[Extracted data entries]

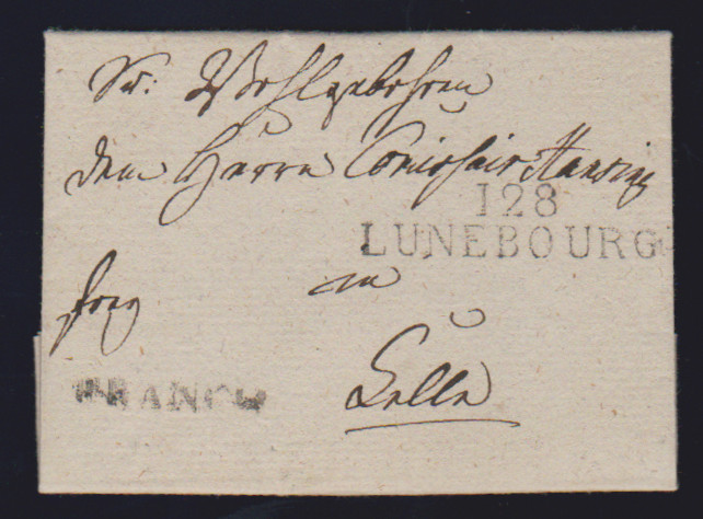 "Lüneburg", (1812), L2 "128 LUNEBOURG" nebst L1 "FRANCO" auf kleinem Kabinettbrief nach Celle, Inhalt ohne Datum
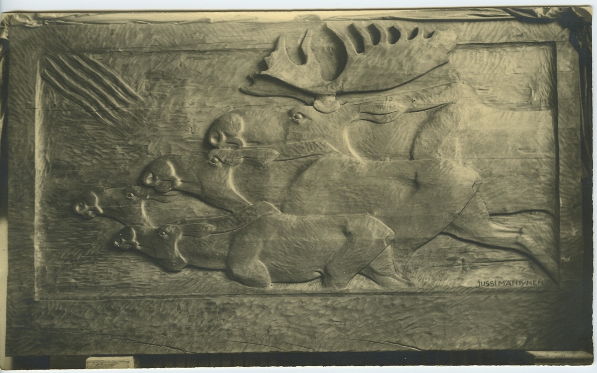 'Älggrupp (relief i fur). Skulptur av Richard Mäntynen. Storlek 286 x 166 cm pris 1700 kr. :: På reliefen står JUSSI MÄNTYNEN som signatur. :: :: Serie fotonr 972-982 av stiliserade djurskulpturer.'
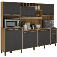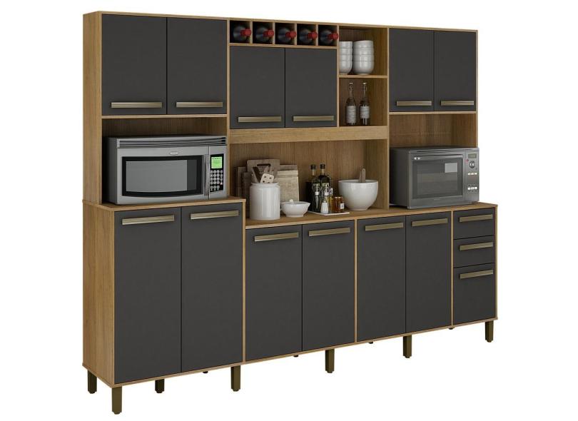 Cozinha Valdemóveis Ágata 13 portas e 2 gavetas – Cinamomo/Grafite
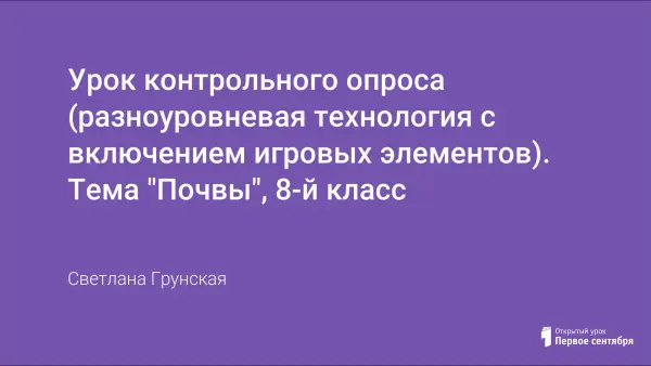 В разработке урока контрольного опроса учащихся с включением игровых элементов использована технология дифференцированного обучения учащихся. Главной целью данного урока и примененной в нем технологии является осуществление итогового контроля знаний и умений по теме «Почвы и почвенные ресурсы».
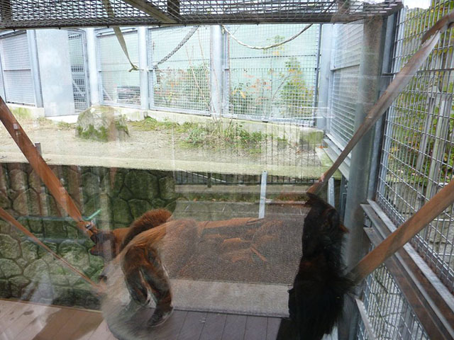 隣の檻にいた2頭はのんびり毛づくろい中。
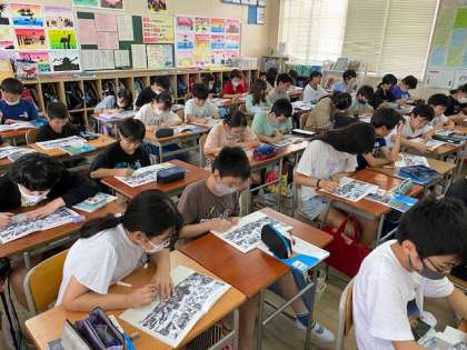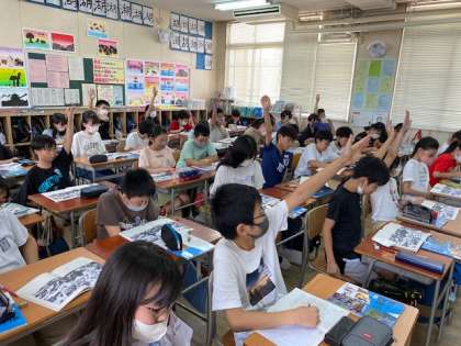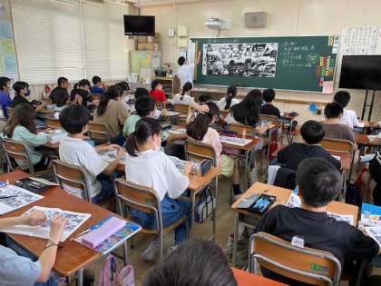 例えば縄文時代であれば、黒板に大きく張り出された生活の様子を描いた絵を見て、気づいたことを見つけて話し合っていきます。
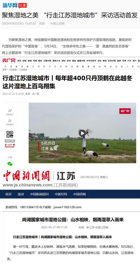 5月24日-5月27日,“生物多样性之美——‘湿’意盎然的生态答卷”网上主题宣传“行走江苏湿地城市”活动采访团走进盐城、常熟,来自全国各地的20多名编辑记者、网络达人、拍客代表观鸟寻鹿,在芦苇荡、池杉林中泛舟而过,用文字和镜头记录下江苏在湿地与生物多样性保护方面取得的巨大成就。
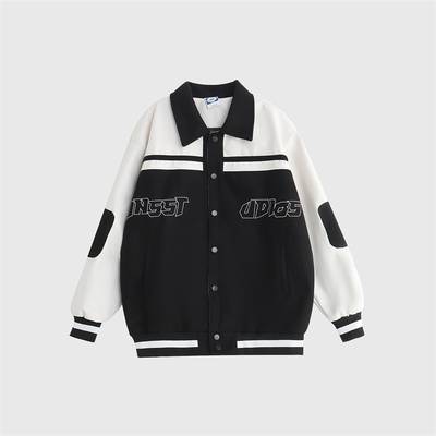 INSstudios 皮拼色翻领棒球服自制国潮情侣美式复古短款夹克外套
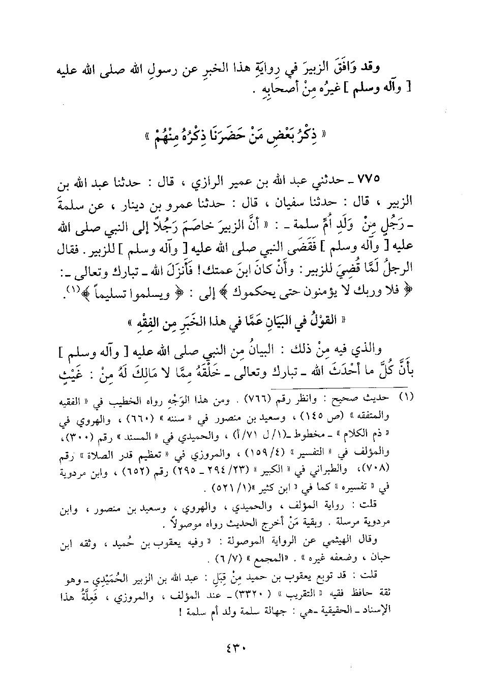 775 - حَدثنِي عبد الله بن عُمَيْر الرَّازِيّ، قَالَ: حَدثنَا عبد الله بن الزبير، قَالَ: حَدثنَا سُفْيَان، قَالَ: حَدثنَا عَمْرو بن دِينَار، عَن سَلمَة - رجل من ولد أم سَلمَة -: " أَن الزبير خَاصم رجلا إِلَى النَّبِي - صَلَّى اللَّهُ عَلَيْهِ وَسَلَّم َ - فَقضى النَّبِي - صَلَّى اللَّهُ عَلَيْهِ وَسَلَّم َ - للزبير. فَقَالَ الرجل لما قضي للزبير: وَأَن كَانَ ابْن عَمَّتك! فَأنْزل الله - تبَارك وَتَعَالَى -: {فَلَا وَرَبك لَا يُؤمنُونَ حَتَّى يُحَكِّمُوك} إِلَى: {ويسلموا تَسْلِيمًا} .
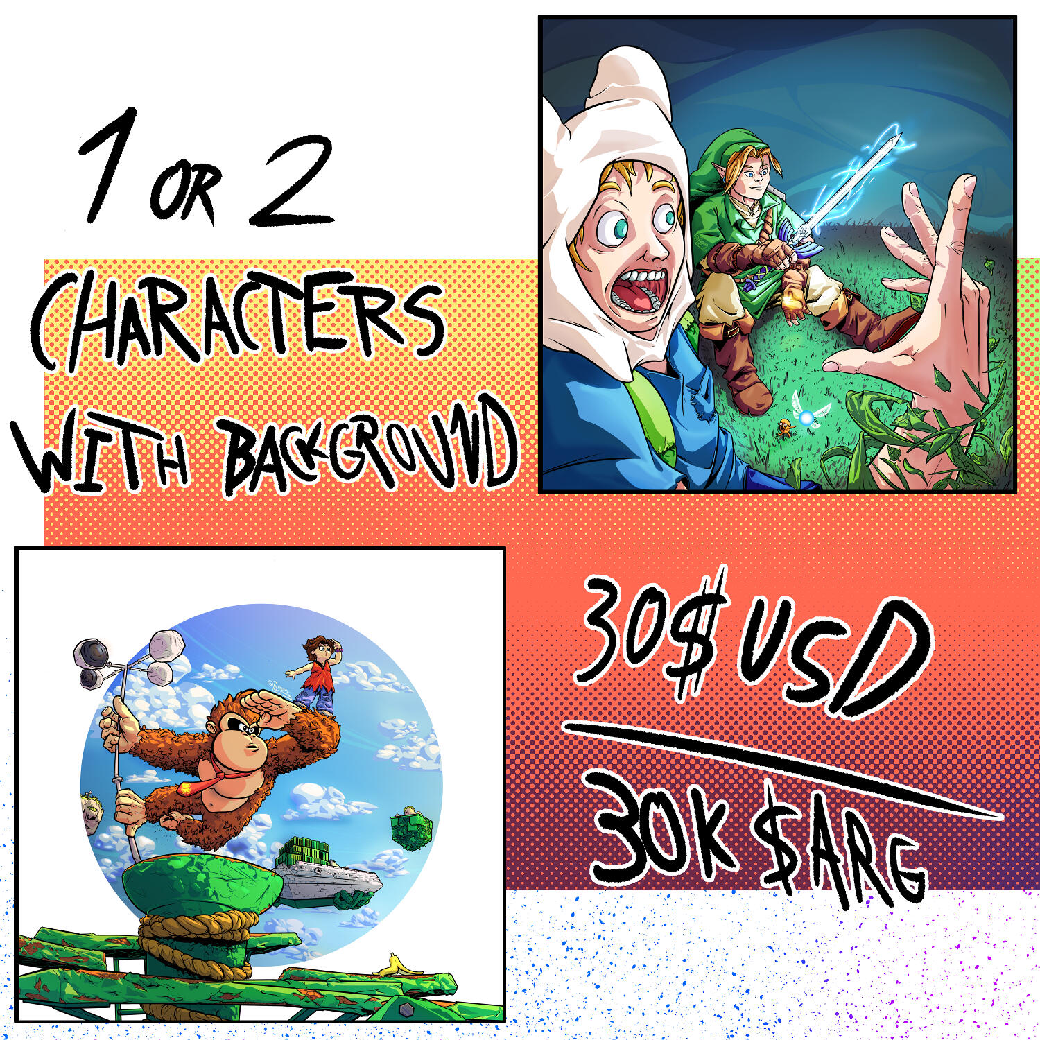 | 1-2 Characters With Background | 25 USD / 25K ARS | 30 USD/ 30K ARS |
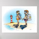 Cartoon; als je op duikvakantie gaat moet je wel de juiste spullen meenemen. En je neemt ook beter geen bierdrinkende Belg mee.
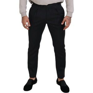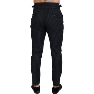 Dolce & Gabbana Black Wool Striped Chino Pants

— WORK REQUIRED —
Please give the data above again in exact form and omit every picture.

— WRITTEN ANSWER —
 "Lüneburg", (1812), L2 "128 LUNEBOURG" nebst L1 "FRANCO" auf kleinem Kabinettbrief nach Celle, Inhalt ohne Datum
 'Älggrupp (relief i fur). Skulptur av Richard Mäntynen. Storlek 286 x 166 cm pris 1700 kr. :: På reliefen står JUSSI MÄNTYNEN som signatur. :: :: Serie fotonr 972-982 av stiliserade djurskulpturer.'
 Cozinha Valdemóveis Ágata 13 portas e 2 gavetas – Cinamomo/Grafite
 В разработке урока контрольного опроса учащихся с включением игровых элементов использована технология дифференцированного обучения учащихся. Главной целью данного урока и примененной в нем технологии является осуществление итогового контроля знаний и умений по теме «Почвы и почвенные ресурсы».
 隣の檻にいた2頭はのんびり毛づくろい中。
 例えば縄文時代であれば、黒板に大きく張り出された生活の様子を描いた絵を見て、気づいたことを見つけて話し合っていきます。
 5月24日-5月27日,“生物多样性之美——‘湿’意盎然的生态答卷”网上主题宣传“行走江苏湿地城市”活动采访团走进盐城、常熟,来自全国各地的20多名编辑记者、网络达人、拍客代表观鸟寻鹿,在芦苇荡、池杉林中泛舟而过,用文字和镜头记录下江苏在湿地与生物多样性保护方面取得的巨大成就。
 INSstudios 皮拼色翻领棒球服自制国潮情侣美式复古短款夹克外套
 775 - حَدثنِي عبد الله بن عُمَيْر الرَّازِيّ، قَالَ: حَدثنَا عبد الله بن الزبير، قَالَ: حَدثنَا سُفْيَان، قَالَ: حَدثنَا عَمْرو بن دِينَار، عَن سَلمَة - رجل من ولد أم سَلمَة -: " أَن الزبير خَاصم رجلا إِلَى النَّبِي - صَلَّى اللَّهُ عَلَيْهِ وَسَلَّم َ - فَقضى النَّبِي - صَلَّى اللَّهُ عَلَيْهِ وَسَلَّم َ - للزبير. فَقَالَ الرجل لما قضي للزبير: وَأَن كَانَ ابْن عَمَّتك! فَأنْزل الله - تبَارك وَتَعَالَى -: {فَلَا وَرَبك لَا يُؤمنُونَ حَتَّى يُحَكِّمُوك} إِلَى: {ويسلموا تَسْلِيمًا} .
 | 1-2 Characters With Background | 25 USD / 25K ARS | 30 USD/ 30K ARS |
 Cartoon; als je op duikvakantie gaat moet je wel de juiste spullen meenemen. En je neemt ook beter geen bierdrinkende Belg mee.
 Dolce & Gabbana Black Wool Striped Chino Pants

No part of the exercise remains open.